Se sabe que la existencia en los barrios de equipamientos deportivos o de zonas verdes, o en las ciudades de carriles-bici, aumenta el número de ciudadanos que hacen ejercicio y mejora la calidad del aire.

Y se sabe que la existencia de centros sociales, bibliotecas y lugares, en general, que favorecen la sociabilidad y la interacción entre las personas, crea redes que las hacen más saludables y les otorga herramientas para enfrentarse a las enfermedades. Herramientas que las personas aisladas en sus casas no tienen. Y nada de esto lo dan las pastillas.

Cada vez está más claro que el estrés crónico genera un estado inflamatorio en nuestro organismo que precipita las enfermedades vasculares y muchas otras. Y que el ritmo de vida que nos imponen no es el mejor para conservar la salud. La dualidad mente-cuerpo fue superada hace mucho. Y de la misma manera que el bienestar mental promueve la salud, lo contrario la socava. Y, por muchos ansiolíticos que tomemos, esto tampoco se arregla con pastillas.

Se sabe bien que, tras el ictus, que supone en muchas ocasiones un cambio radical en todos los órdenes de la vida, sólo una rehabilitación adecuada y suficiente podrá sacar del paciente toda su potencialidad, para intentar integrarlo de nuevo a su lugar en la sociedad. Sabemos que los recursos públicos en este sentido son limitados, y necesitamos perentoriamente que sean suficientes, para que a la desgracia de la enfermedad no se sume la impotencia de la precariedad económica.

Sabemos, por fin, que, a veces, el ictus es tan grave que todos los esfuerzos son vanos, y el paciente se ve abocado a la discapacidad y, muchas veces, al aislamiento social o a la ruina económica. Los pacientes se van de alta a un mundo diferente al que dejaron, con un sentimiento de ¿y ahora qué? y con una protección social escandalosamente precaria. Alguien dijo alguna vez que cualquier sociedad se mide por la forma en la que trata a sus miembros más vulnerables, y muchas veces pienso que, por más pecho que saquemos, nuestra altura es más bien escasa.

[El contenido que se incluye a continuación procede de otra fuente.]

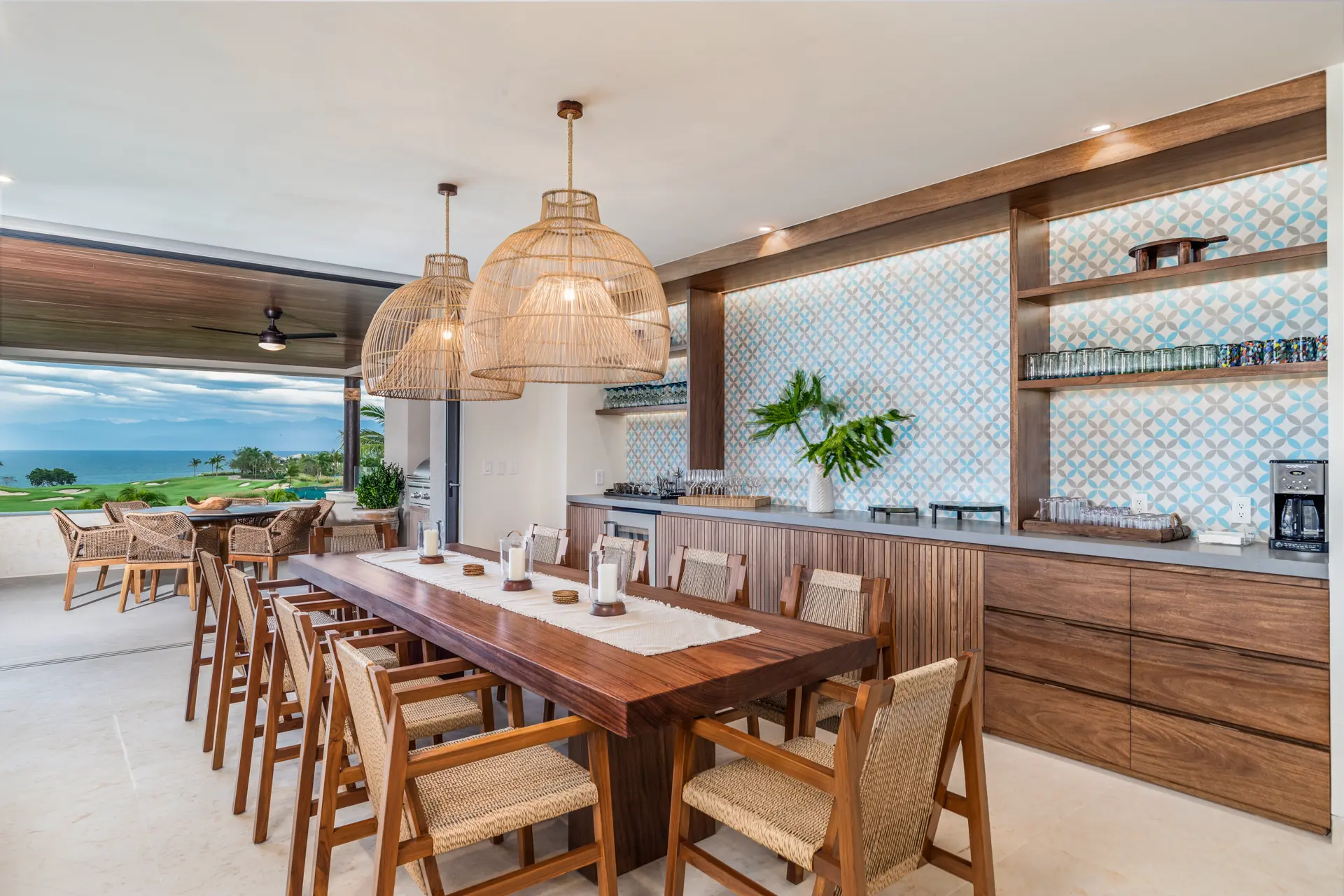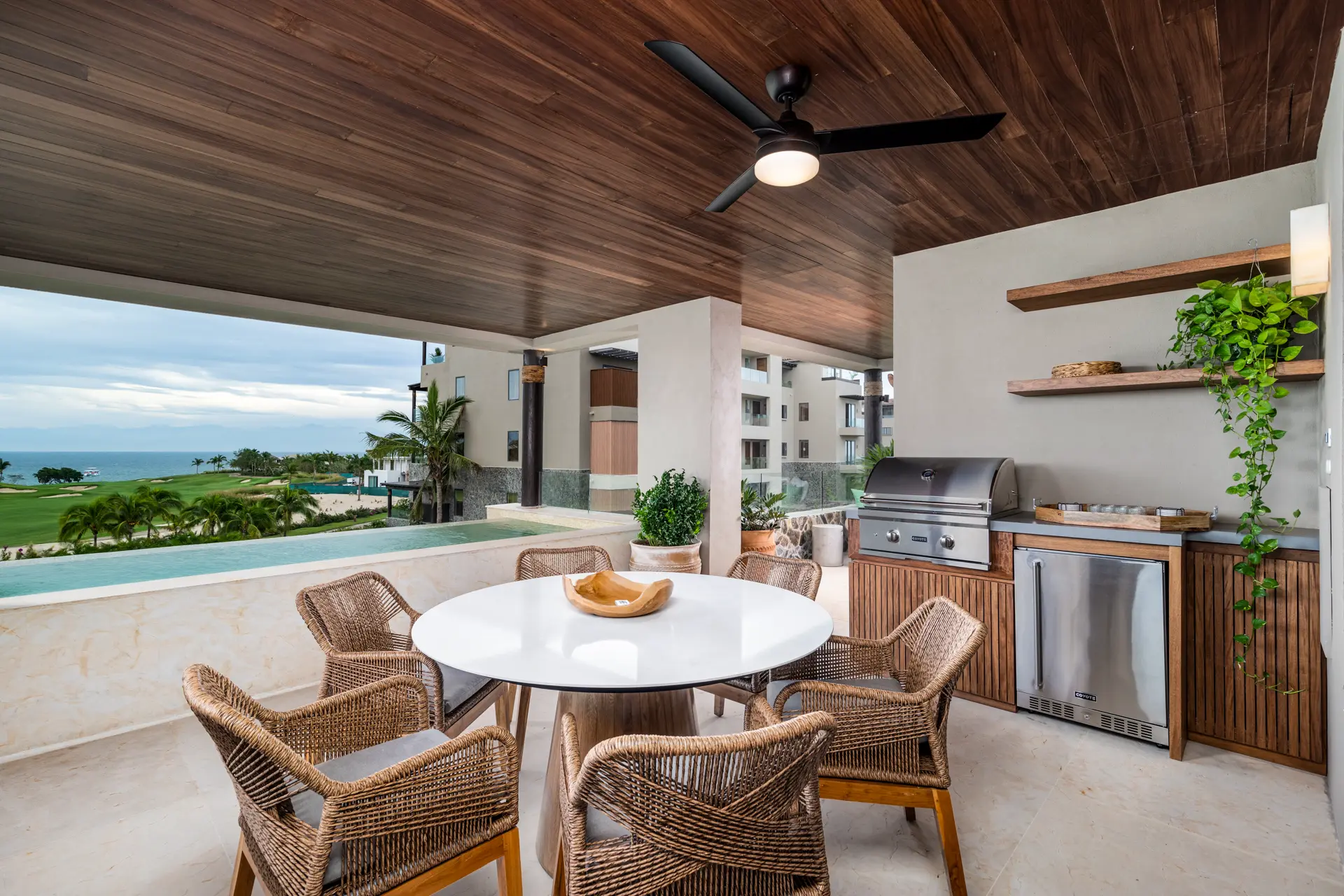 The condo’s private heated pool is on the balcony, offering a secluded relaxing spot. An al fresco dining area and a gas BBQ grill are available for outdoor meals, providing a perfect setting to enjoy the panoramic ocean views. The included 6-seat golf cart makes exploring the resort and nearby Punta Mita town easy.
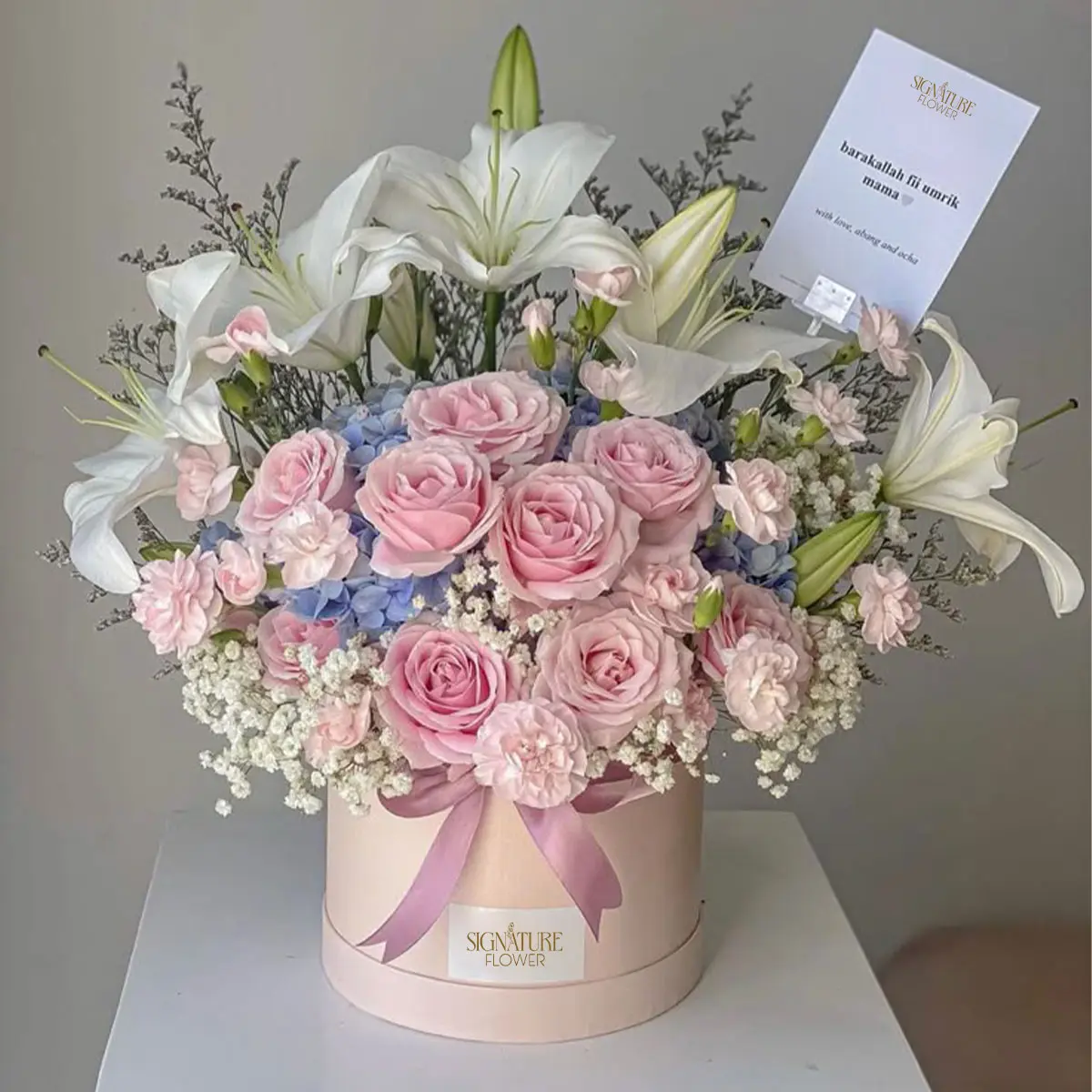 This classic arrangement combines romantic pink roses, long-lasting carnations, and fragrant lilies for a timeless expression of love. Available in three sizes to suit every occasion.
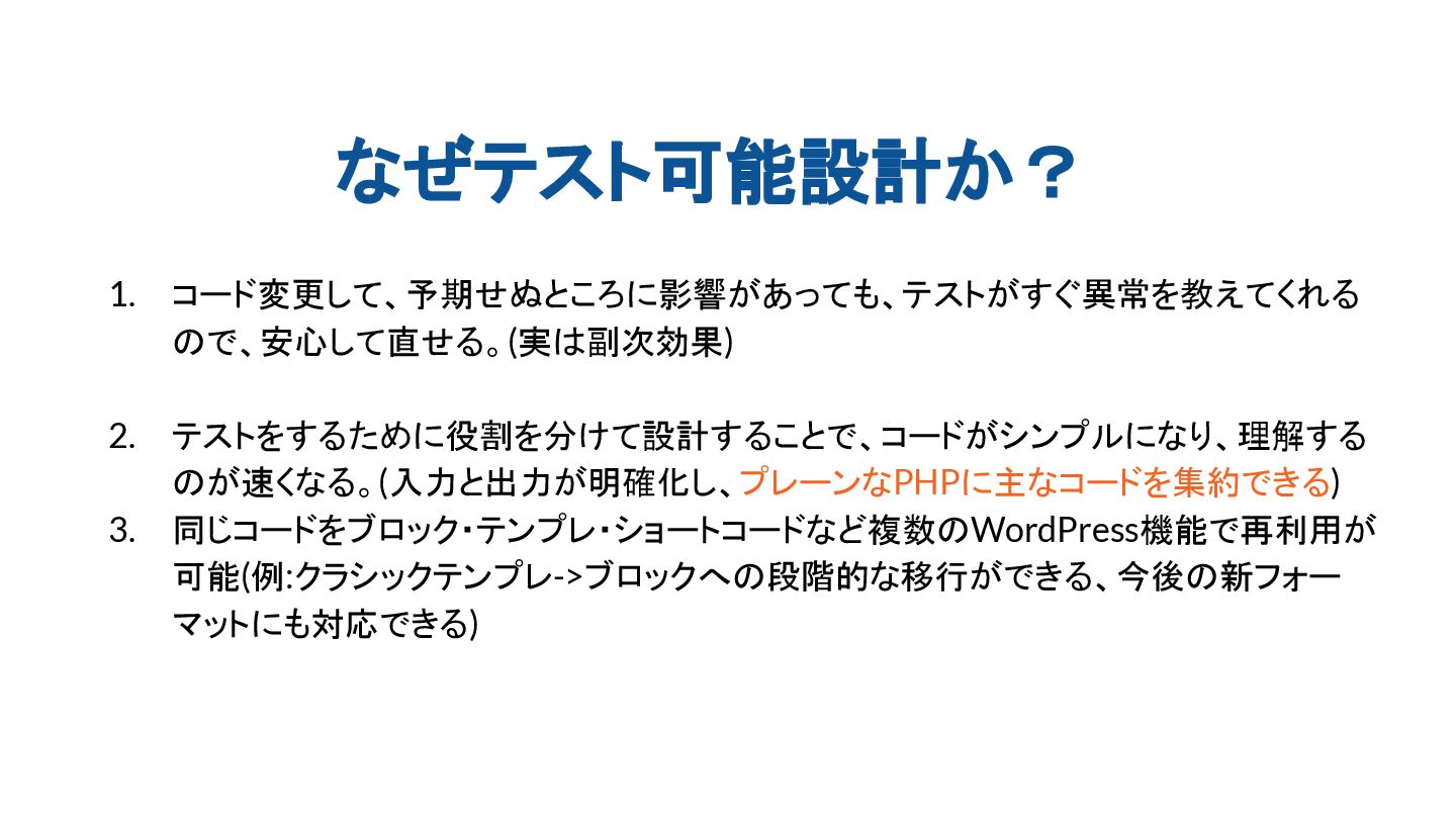 なぜテスト可能設計か? 1. コード変更して、予期せぬところに影響があっても、テストがすぐ異常を教えてくれる ので、安心して直せる。(実は副次効果) 2. テストをするために役割を分けて設計することで、コードがシンプルになり、理解する のが速くなる。(入力と出力が明確化し、プレーンなPHPに主なコードを集約できる) 3. 同じコードをブロック・テンプレ・ショートコードなど複数のWordPress機能で再利用が 可能(例:クラシックテンプレ->ブロックへの段階的な移行ができる、今後の新フォー

En el Día Mundial del Ictus, reconozcamos el heróico esfuerzo que hacen las personas que sufren la enfermedad por superarla. Pero no olvidemos que, al igual que en la mayoría de las enfermedades, la dimensión social y económica es determinante para explicar por qué ocurren y para dar a los supervivientes la mejor vida posible. Y eso no se arregla con pastillas, sino con medidas políticas y con políticas sociales o, en su defecto, con asociacionismo y reivindicación. Necesitamos coraje para situarnos en la verdadera dimensión del ser humano, que no debe ser una pieza en un engranaje. Necesitamos creer en la grandeza a la que podemos aspirar si nos atrevemos a ver la vida de otra manera. Al fin y al cabo, es probable que mañana los más vulnerables seamos nosotros.